- **What you should do**
Among the entries below, retype exactly the lines starting with the one with "马克思主义学院郭文艳老师以三" and going on through the one with "Description: The landscape", but not the pictures.

***** Raw data

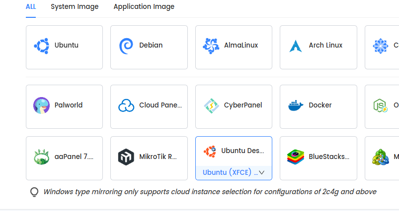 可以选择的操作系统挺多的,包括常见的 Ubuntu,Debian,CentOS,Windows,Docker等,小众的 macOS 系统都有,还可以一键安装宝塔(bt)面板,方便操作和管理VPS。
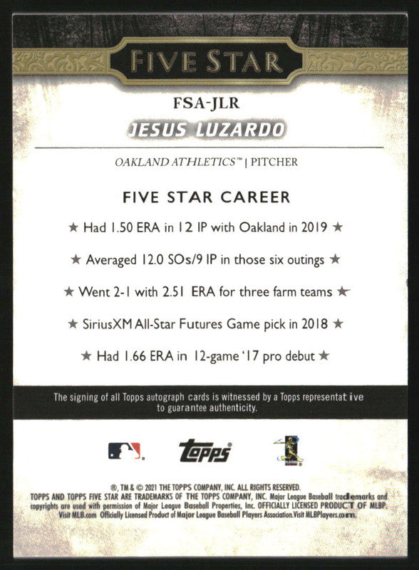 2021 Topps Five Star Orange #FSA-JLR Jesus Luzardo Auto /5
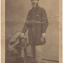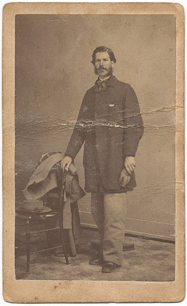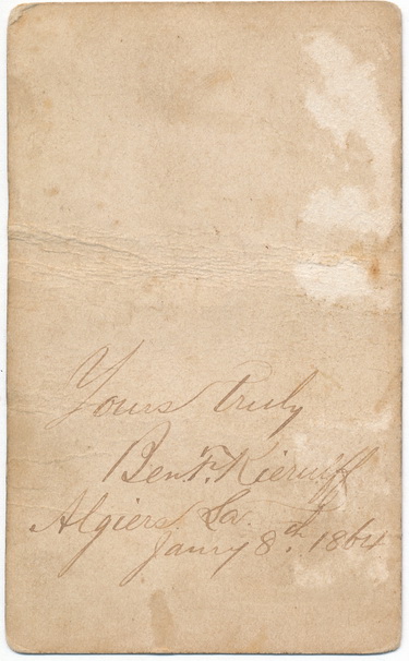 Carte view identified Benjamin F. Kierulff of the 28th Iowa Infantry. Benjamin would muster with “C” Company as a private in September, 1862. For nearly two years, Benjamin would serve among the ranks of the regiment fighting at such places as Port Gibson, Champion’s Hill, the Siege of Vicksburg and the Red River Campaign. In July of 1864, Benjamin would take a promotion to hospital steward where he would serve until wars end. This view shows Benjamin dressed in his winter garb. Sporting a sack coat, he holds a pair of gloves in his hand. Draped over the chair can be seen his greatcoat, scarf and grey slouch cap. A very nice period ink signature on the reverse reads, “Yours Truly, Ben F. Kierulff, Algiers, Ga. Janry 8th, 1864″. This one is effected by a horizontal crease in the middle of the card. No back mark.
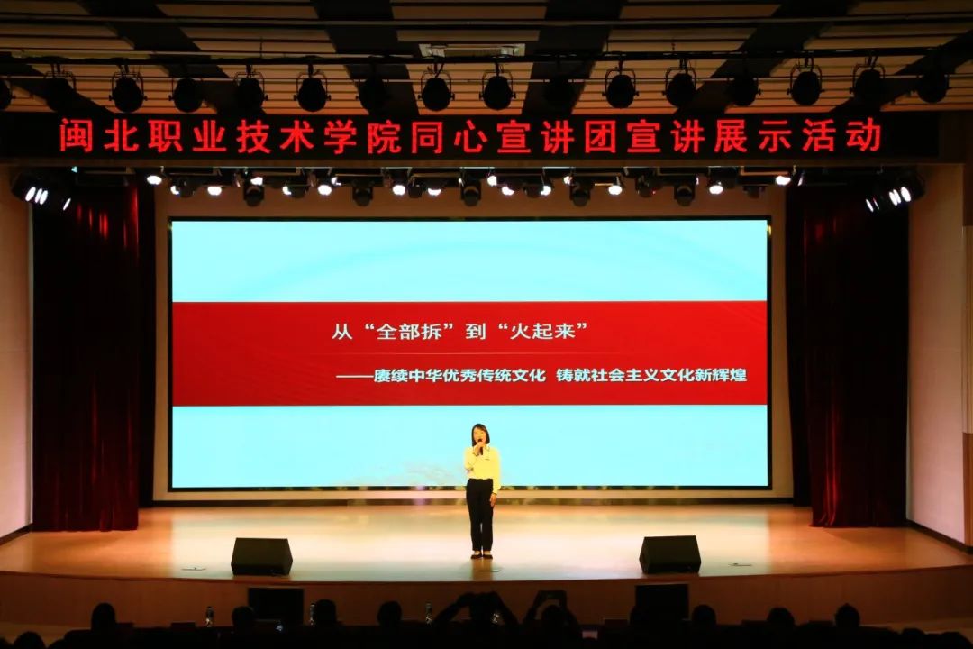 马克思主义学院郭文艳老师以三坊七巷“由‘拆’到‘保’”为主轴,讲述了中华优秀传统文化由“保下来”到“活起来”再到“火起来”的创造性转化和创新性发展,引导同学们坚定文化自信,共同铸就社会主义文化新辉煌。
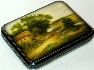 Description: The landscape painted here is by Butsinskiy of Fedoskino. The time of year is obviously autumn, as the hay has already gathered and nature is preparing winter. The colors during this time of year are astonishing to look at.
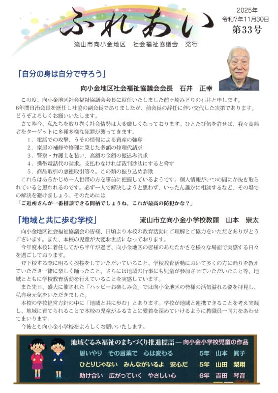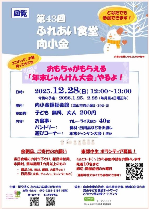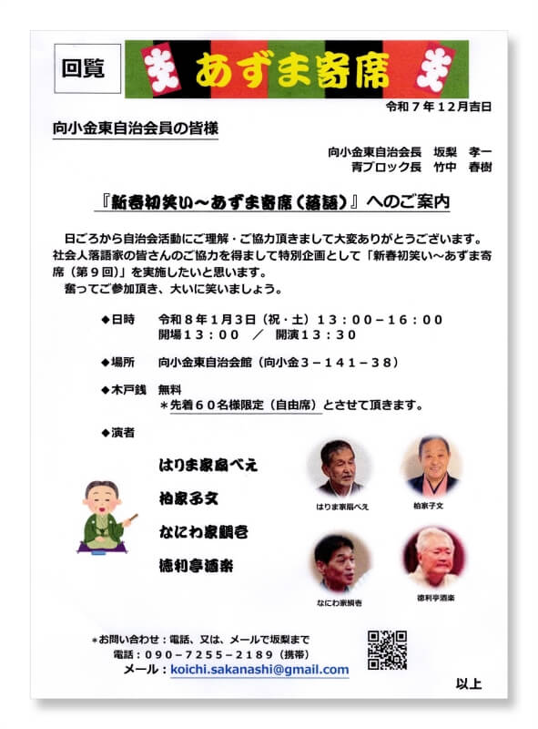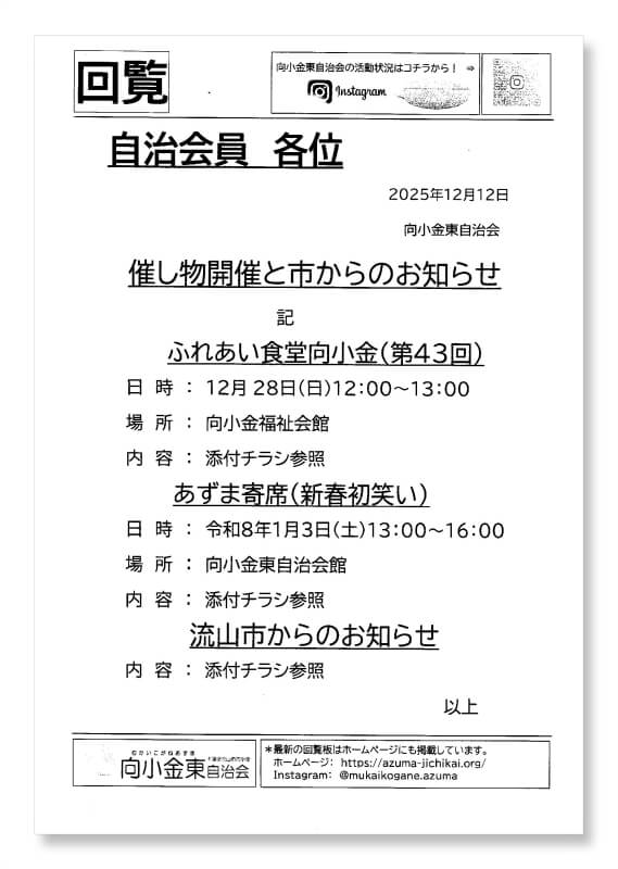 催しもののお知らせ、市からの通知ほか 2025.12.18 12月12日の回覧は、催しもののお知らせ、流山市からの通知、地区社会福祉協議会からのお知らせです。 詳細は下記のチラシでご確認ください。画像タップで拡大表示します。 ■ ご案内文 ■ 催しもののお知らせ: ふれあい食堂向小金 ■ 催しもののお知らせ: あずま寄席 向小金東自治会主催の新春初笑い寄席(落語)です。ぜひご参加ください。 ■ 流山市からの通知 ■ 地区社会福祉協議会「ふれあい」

**********

- **Answer space**
 马克思主义学院郭文艳老师以三坊七巷“由‘拆’到‘保’”为主轴,讲述了中华优秀传统文化由“保下来”到“活起来”再到“火起来”的创造性转化和创新性发展,引导同学们坚定文化自信,共同铸就社会主义文化新辉煌。
 Description: The landscape painted here is by Butsinskiy of Fedoskino. The time of year is obviously autumn, as the hay has already gathered and nature is preparing winter. The colors during this time of year are astonishing to look at.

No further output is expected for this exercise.